- French: Mesdames et Messieurs, Brian Mulroney
- Directed by: Matthew Rankin
- Written by: Matthew Rankin
- Produced by: Pierre-Mathieu Fortin
- Starring: Brian Mulroney Pierre Elliott Trudeau Robert Stanfield John Turner John Diefenbaker Joe Clark
- Cinematography: Alexandre Lampron
- Edited by: Matthew Rankin
- Music by: Christophe Lamarche-Ledoux
- Production company: National Film Board of Canada
- Release date: September 15, 2026 (TIFF);
- Running time: 105 minutes
- Country: Canada
- Languages: English French

= Ladies and Gentlemen, Brian Mulroney =

2026 Canadian documentary film

Ladies and Gentlemen, Brian Mulroney (Mesdames et Messieurs, Brian Mulroney) is a 2026 Canadian documentary film, directed by Matthew Rankin. Described as a gonzo documentary, the film profiles Brian Mulroney, the Prime Minister of Canada from 1984 to 1993, through the prism of media clips of both Mulroney himself and other political and cultural figures of the era, using a collage format to present a "fever dream of politics, propaganda and pop culture".

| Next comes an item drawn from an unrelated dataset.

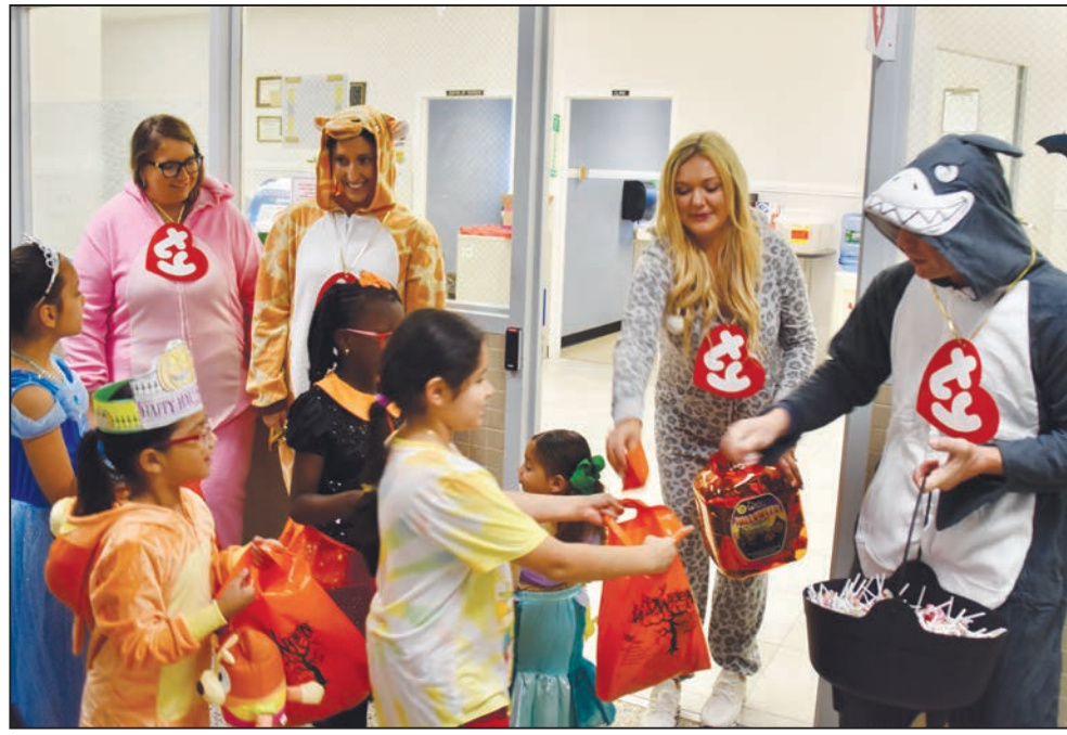
City staff dressed in costumes handed out candy to trick-or-treaters.

Production was first announced by the National Film Board of Canada in 2023, initially as a four-episode documentary series.

The film premiered in the Midnight Madness program at the 2026 Toronto International Film Festival, where it won the People's Choice Award for Midnight Madness. It will also screen at the Windsor International Film Festival, in competition for the $25,000 WIFF Prize in Canadian Film.

==Reception==
Metacritic, which uses a weighted average, assigned the film a score of 69 out of 100, based on 4 critics, indicating "generally favorable review".